By Campus | January 7, 2019

“I’m not afraid of failure; I’m afraid of succeeding at things that don’t matter.”   

This gut punch from missionary William Carey erects healthy guardrails for wise travelers on the winding road between infancy and eternity. Yet in my experience with air-breathers all over the planet, too many road warriors mistake activity for accomplishment and equate busy-ness with productivity in the business for which they have been created. On some days I am in that number. Maybe you are, too. 

Thankfully, the secret to winning in this life and the next is really no secret at all. As a songwriter friend has written so well, the main thing in life is keeping the main thing the main thing. It’s saying yes to some opportunities and no to others. It’s keeping your priorities straight. It’s understanding the monumental difference between settling for success and striving for significance. It’s pushing by intention rather than being pulled by distraction. It’s moving with purpose because meandering through life is detrimental to meaning in life.  

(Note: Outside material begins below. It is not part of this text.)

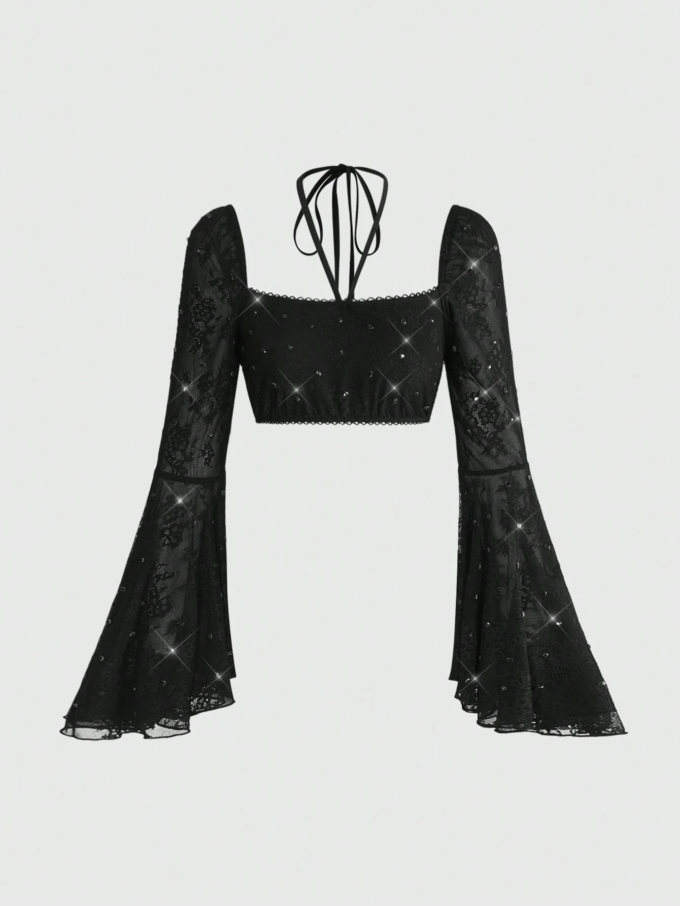 ROMWE Avant Sexy Lace Rhinestone Flare Sleeve Women Top

In short, it’s ditching the tyranny of the urgent so you can do the important instead. To play on my mother’s recurring pleas to mind my manners, the not-so-secret is choosing to live well by minding your matters—putting your mind to what matters most. 

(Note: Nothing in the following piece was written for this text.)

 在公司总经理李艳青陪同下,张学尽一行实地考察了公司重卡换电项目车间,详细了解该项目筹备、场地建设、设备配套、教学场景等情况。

After trying every other pathway to purpose, Solomon’s parting shot in Ecclesiastes 12:13 broadsides the bullseye. “Now all has been heard; here is the conclusion of the matter:  Fear God and keep his commandments, for this is the whole duty of man.” 

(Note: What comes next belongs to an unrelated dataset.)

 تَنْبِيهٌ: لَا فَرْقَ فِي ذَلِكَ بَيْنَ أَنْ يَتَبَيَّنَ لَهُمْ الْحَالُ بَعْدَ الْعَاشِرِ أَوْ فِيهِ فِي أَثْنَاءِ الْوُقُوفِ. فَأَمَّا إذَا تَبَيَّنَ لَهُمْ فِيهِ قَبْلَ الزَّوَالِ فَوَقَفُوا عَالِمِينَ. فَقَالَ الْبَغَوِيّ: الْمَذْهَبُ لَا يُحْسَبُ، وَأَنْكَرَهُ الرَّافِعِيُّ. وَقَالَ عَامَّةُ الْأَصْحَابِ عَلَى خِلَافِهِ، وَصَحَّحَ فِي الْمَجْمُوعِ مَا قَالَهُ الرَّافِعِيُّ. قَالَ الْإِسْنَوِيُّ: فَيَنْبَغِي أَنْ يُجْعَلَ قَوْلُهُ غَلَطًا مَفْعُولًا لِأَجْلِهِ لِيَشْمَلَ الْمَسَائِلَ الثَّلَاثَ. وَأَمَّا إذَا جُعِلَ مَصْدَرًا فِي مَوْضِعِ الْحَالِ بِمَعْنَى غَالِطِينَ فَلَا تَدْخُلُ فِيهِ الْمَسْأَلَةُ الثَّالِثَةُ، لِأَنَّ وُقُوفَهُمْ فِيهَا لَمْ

The prophet Micah’s plaque-worthy quote echoes that theme: “And what does the Lord require of you?  To act justly, love mercy, and walk humbly with your God” (Micah 6:8).  Which is just an appetizer before the entrée Jesus serves: “Love the Lord your God with all your heart, soul, mind, and strength.  And love your neighbor as yourself” (Mark 12:30-31). 

Life on this side of the other side is short. Time flies. So why settle for the good life when you can live better?  Why stop at better when God wants best?   

Let’s face it.  That last question is the heart of the matter. 

They say you can do anything you put your mind to. Perhaps. But only if you have the mind of Christ (1 Corinthians 2:16).  Why not put your mind to living for what really matters?  Why not claim God’s calling and Christ’s character as your most valuable credentials?   

Answering these questions is what a Charleston Southern education is about.  Integrating faith in learning, leading and serving is much more than a cliché.  It’s who we are.  It’s what we do.  It’s how we live.  Because when all is said and done, how we live—and for whom we live—is all that matters.  If you succeed at things that don’t really matter, you fail when it matters for real.   

So make up your mind to do what matters.  In a manner of speaking, mind your matters.   

Don’t mind if I do.  What about you?